Deploy hg bundles to Azure Blob Storage, and serve to Azure hosted infra.

WIP DO NOT LAND

This revision adds support for uploading to Azure Blob Storage using their
Python SDK. Some assumptions are made at the moment regarding the method of
authentication (using SAS tokens), however this may change in the future.

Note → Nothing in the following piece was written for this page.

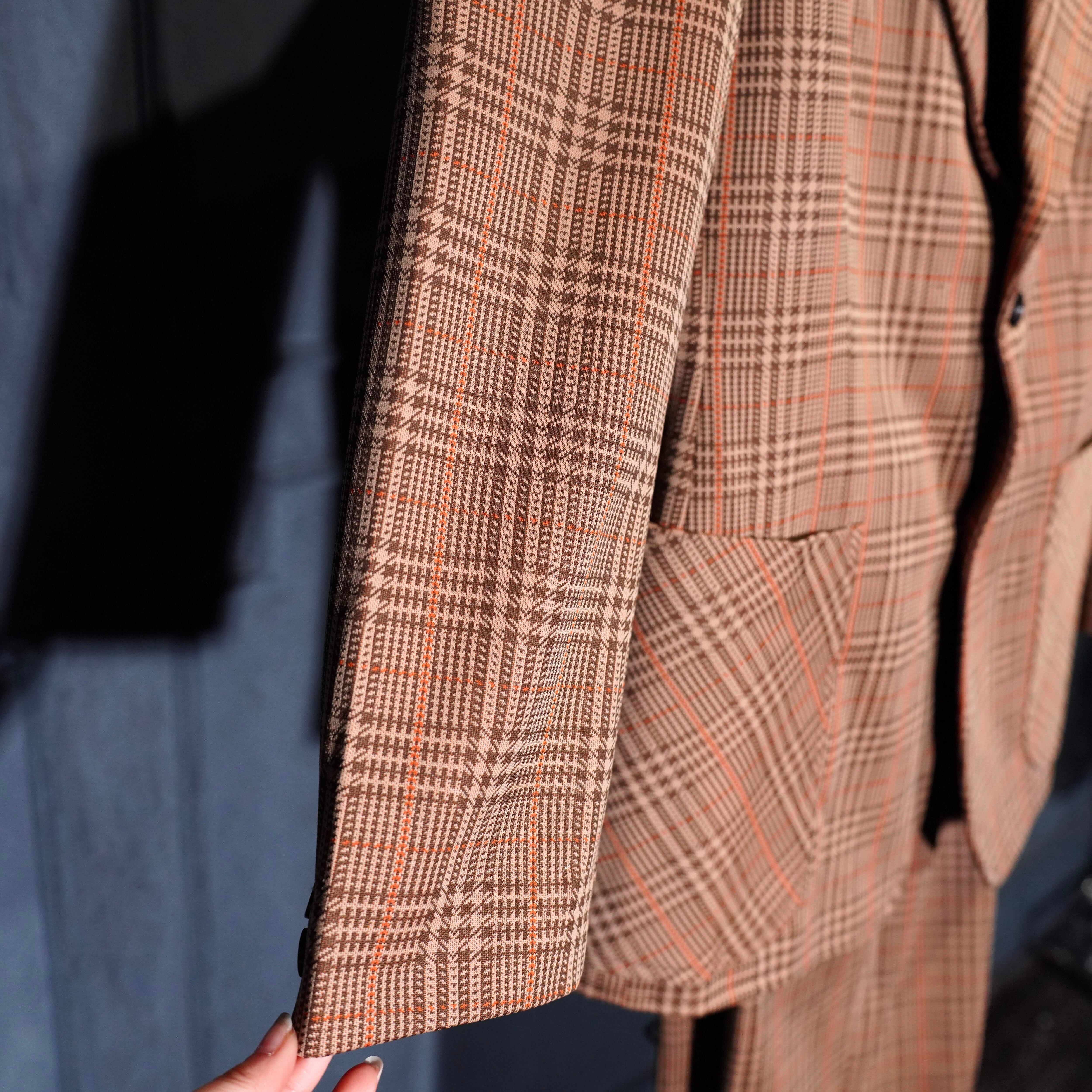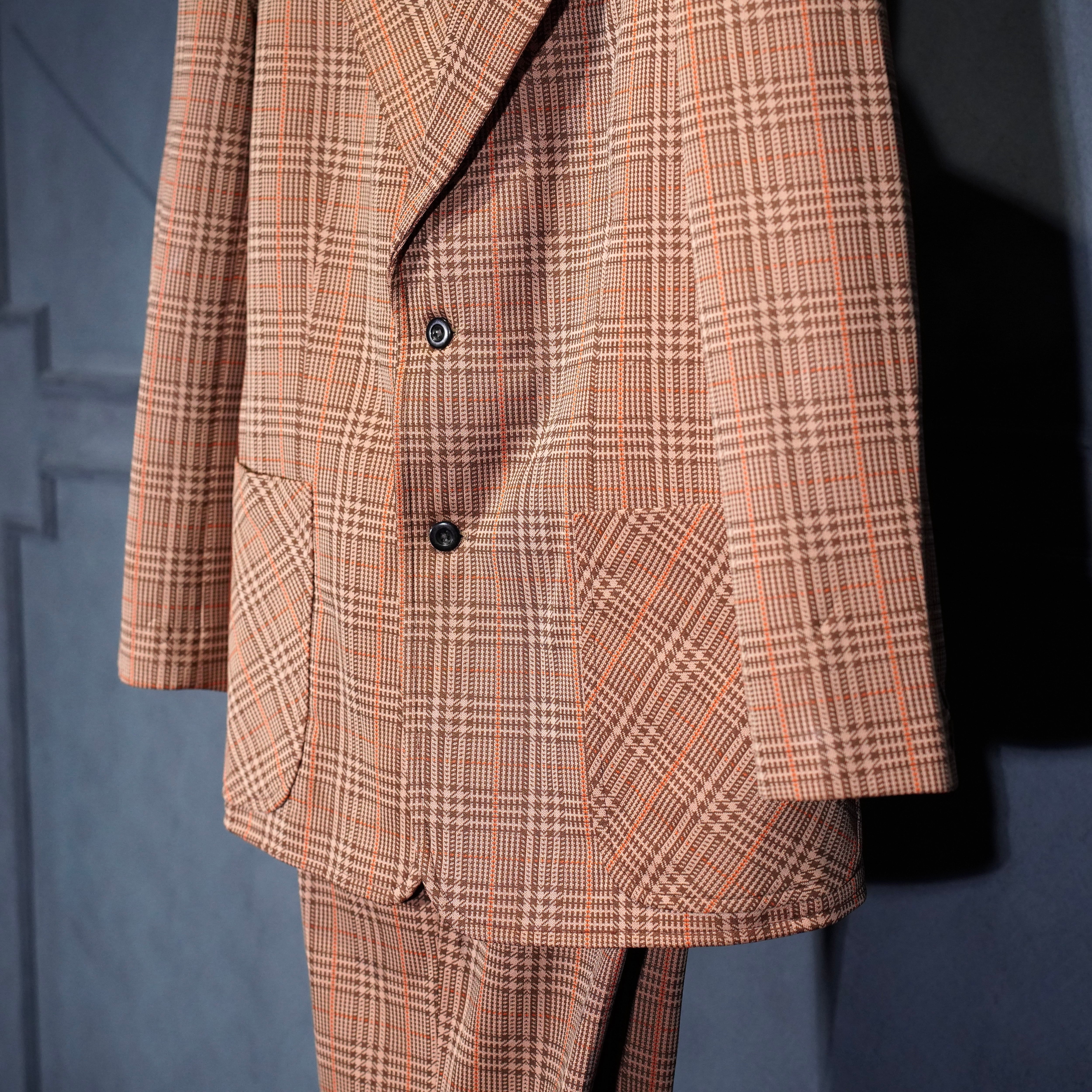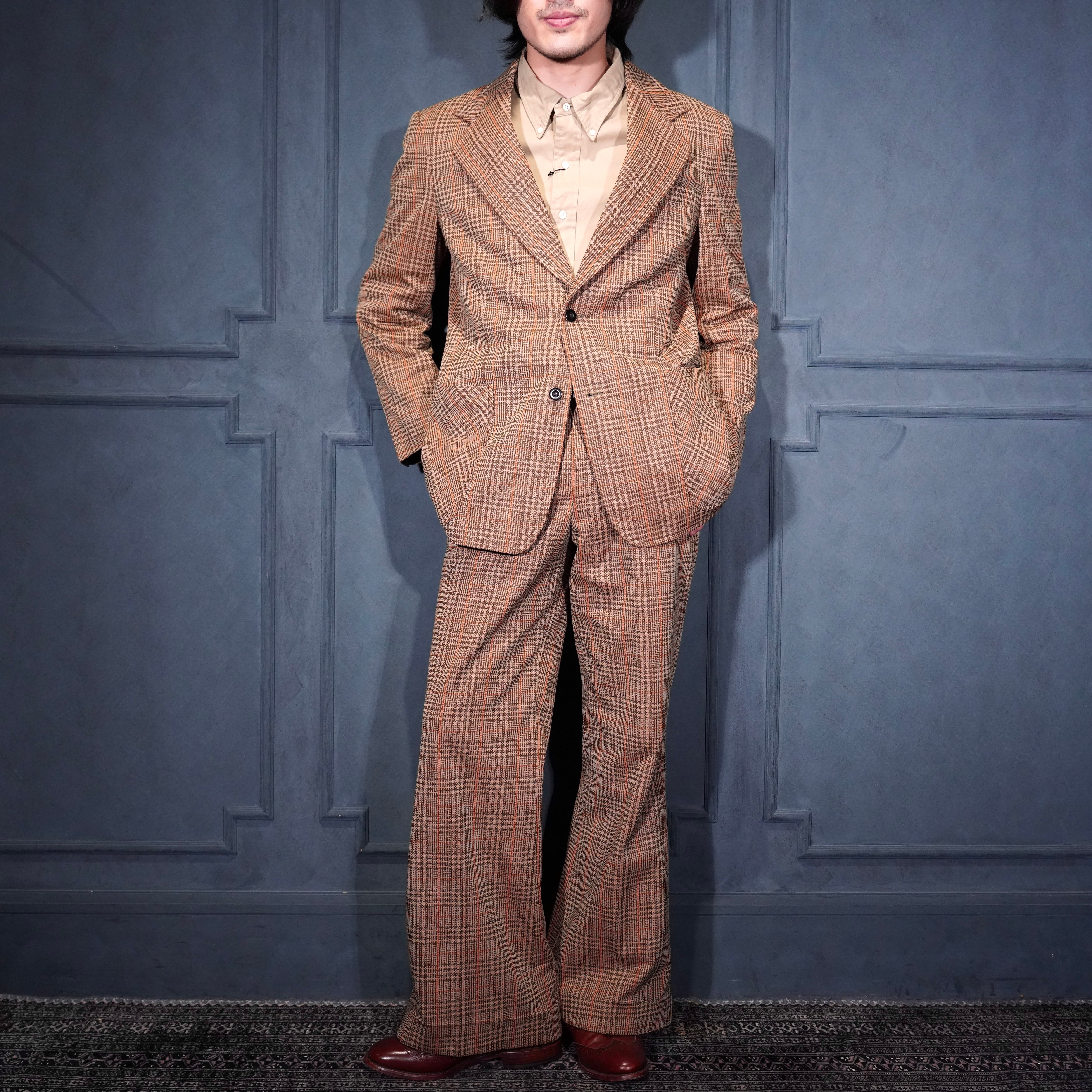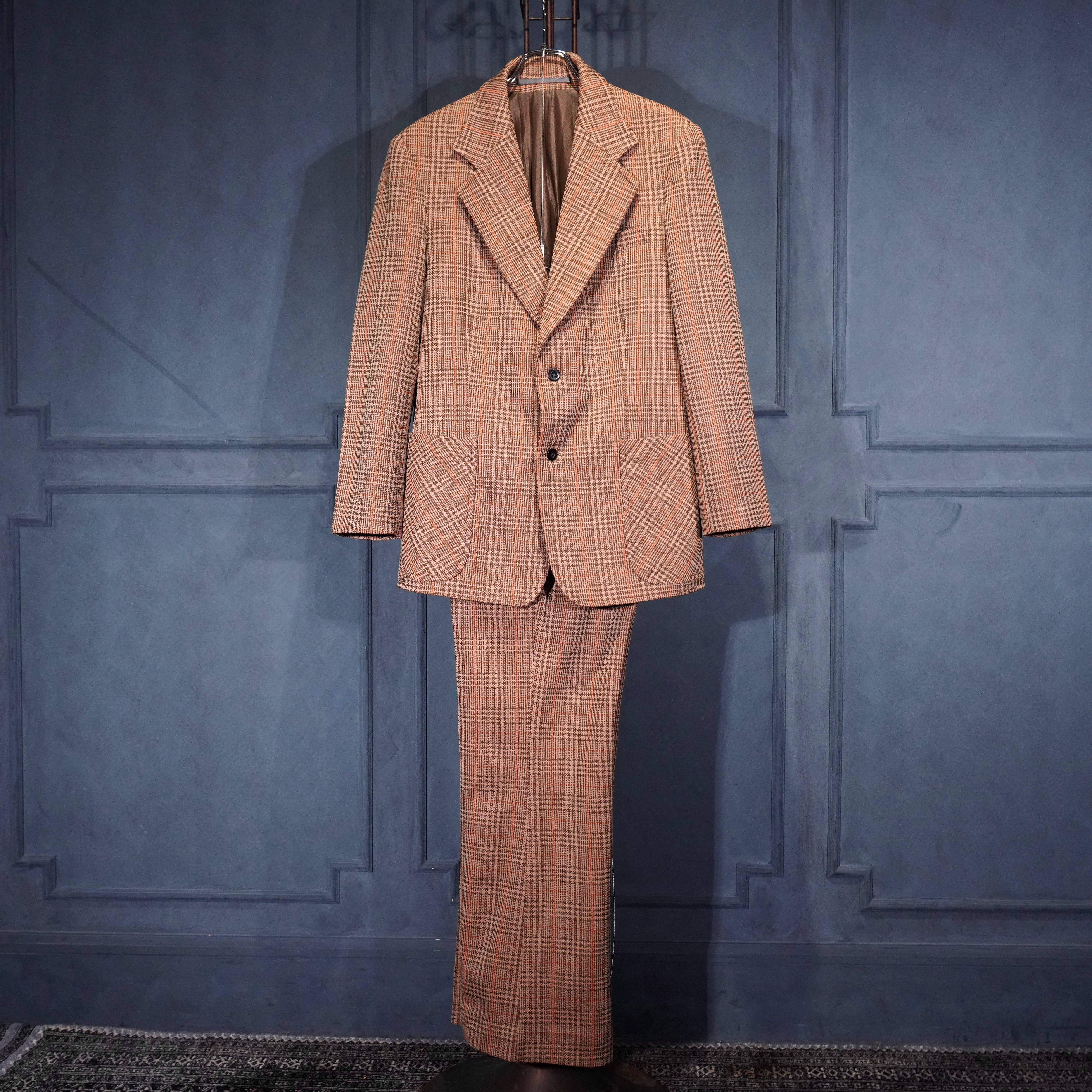 EU VINTAGE CHECK PATTERNED FLARE PANTS SET UP SUIT/ヨーロッパ古着チェック柄フレアパンツセットアップスーツ

Azure Blob Storage requires an alphanumeric name for containers that does not
contain spaces or dashes. The region is specified on the account level, and
thus all containers within an account belong to the same region. The
convention taken at this time is similar to that with S3 and GCP buckets,
and that is to include the region name in the container name.

Various pending TODOs.

WIP DO NOT LAND

Fetch an authentication token from the Microsoft Identity Platform. Use this
token to authenticate against the Azure REST API which is used to fetch the
service tags.

For more info see:
- https://docs.microsoft.com/en-us/rest/api/azure/
- https://docs.microsoft.com/en-us/azure/active-directory/develop/

Required environment variables:
- AZURE_SUBSCRIPTION_ID
- AZURE_APP_CLIENT_SECRET
- AZURE_APP_CLIENT_ID
- AZURE_APP_TENANT_ID

Various pending TODOs

Depends on D72750

Depends on D73387

WIP DO NOT LAND

Add support for serving clone bundles from Azure, by checking incoming IP
against the IP prefixes file fetched from Azure. Also added some test data.

TODO: add test, refactor some of the code.

Depends on D73387

WIP DO NOT LAND

Implement some Terraform code to provision a resource group, storage account,
and container for the bundles.

Depends on D73470

scripts: instead of manually calling the Azure auth API and fetching an auth
token, do this via the ClientSecretCredential object which is provided by the
azure-identity package.

hgmo: instead of using a SAS token to authenticate against Blob Storage,
use the ClientSecretCredential object directly with the storage account.

Depends on D74132

Abandoning this until further notice.

I think we should consider looking into this again. Now we have many level 3 Azure tasks, including some on the release pipeline. This came up because an Azure task in the release pipeline timed out after cloning for 1.5 hours and delayed the release (though it's unclear if it was actually taking that long to clone, or just got stuck somehow).

But either way, some Windows builds are now in Azure too, so this will also increase developer productivity.